■ Work order ■
Nothing but the lines below from the one holding "Los tipos de" up to and including the one holding "Nganjuk – Wartajatim.id" should be copied, exactly and without pictures.

■ Available data ■
..............................
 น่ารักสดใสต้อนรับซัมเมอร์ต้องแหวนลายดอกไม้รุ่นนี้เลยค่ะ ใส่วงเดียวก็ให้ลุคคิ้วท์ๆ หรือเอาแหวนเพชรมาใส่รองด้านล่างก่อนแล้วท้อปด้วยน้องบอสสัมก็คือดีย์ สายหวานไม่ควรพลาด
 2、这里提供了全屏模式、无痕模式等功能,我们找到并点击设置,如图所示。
..............................
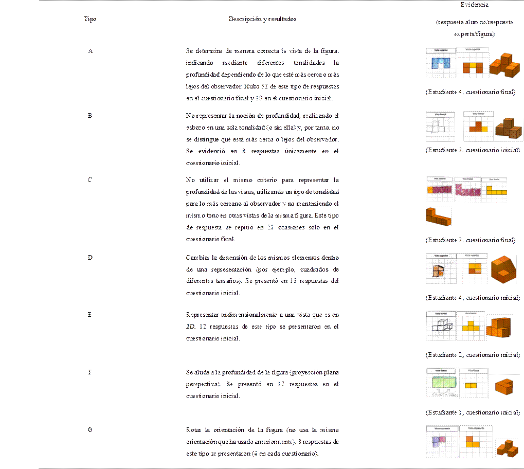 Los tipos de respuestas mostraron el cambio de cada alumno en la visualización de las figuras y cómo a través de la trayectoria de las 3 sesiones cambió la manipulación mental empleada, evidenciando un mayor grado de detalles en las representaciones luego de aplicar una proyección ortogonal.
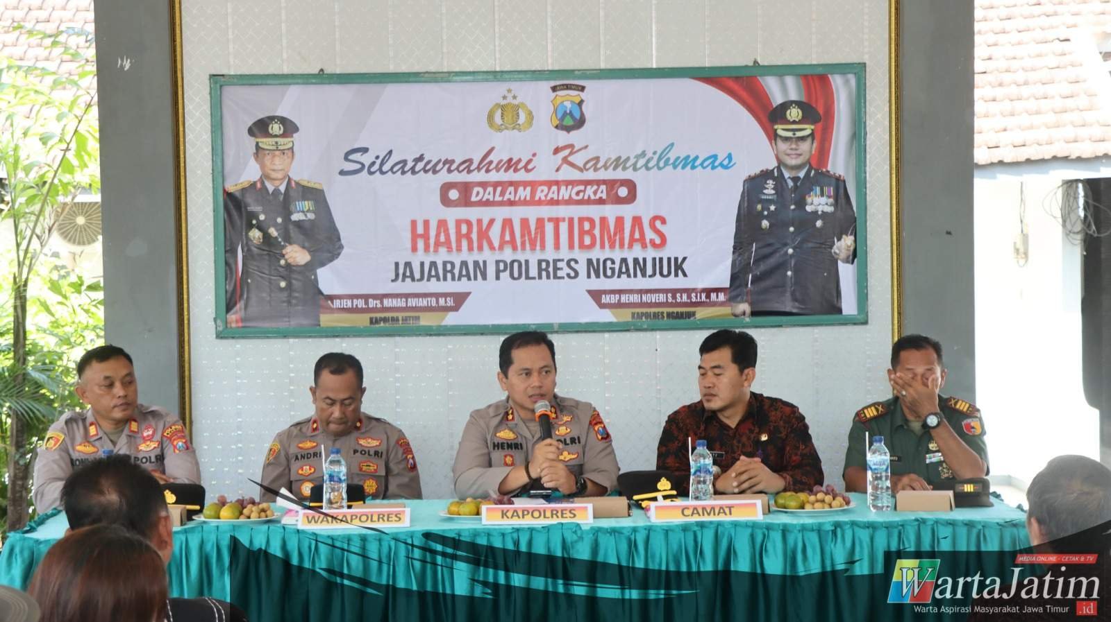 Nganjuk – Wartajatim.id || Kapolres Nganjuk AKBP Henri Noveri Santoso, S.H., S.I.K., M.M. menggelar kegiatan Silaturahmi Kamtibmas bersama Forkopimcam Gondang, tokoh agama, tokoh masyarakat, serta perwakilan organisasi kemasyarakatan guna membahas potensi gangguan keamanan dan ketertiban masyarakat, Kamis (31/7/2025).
..............................
■ Answer box ■
 Los tipos de respuestas mostraron el cambio de cada alumno en la visualización de las figuras y cómo a través de la trayectoria de las 3 sesiones cambió la manipulación mental empleada, evidenciando un mayor grado de detalles en las representaciones luego de aplicar una proyección ortogonal.
 Nganjuk – Wartajatim.id || Kapolres Nganjuk AKBP Henri Noveri Santoso, S.H., S.I.K., M.M. menggelar kegiatan Silaturahmi Kamtibmas bersama Forkopimcam Gondang, tokoh agama, tokoh masyarakat, serta perwakilan organisasi kemasyarakatan guna membahas potensi gangguan keamanan dan ketertiban masyarakat, Kamis (31/7/2025).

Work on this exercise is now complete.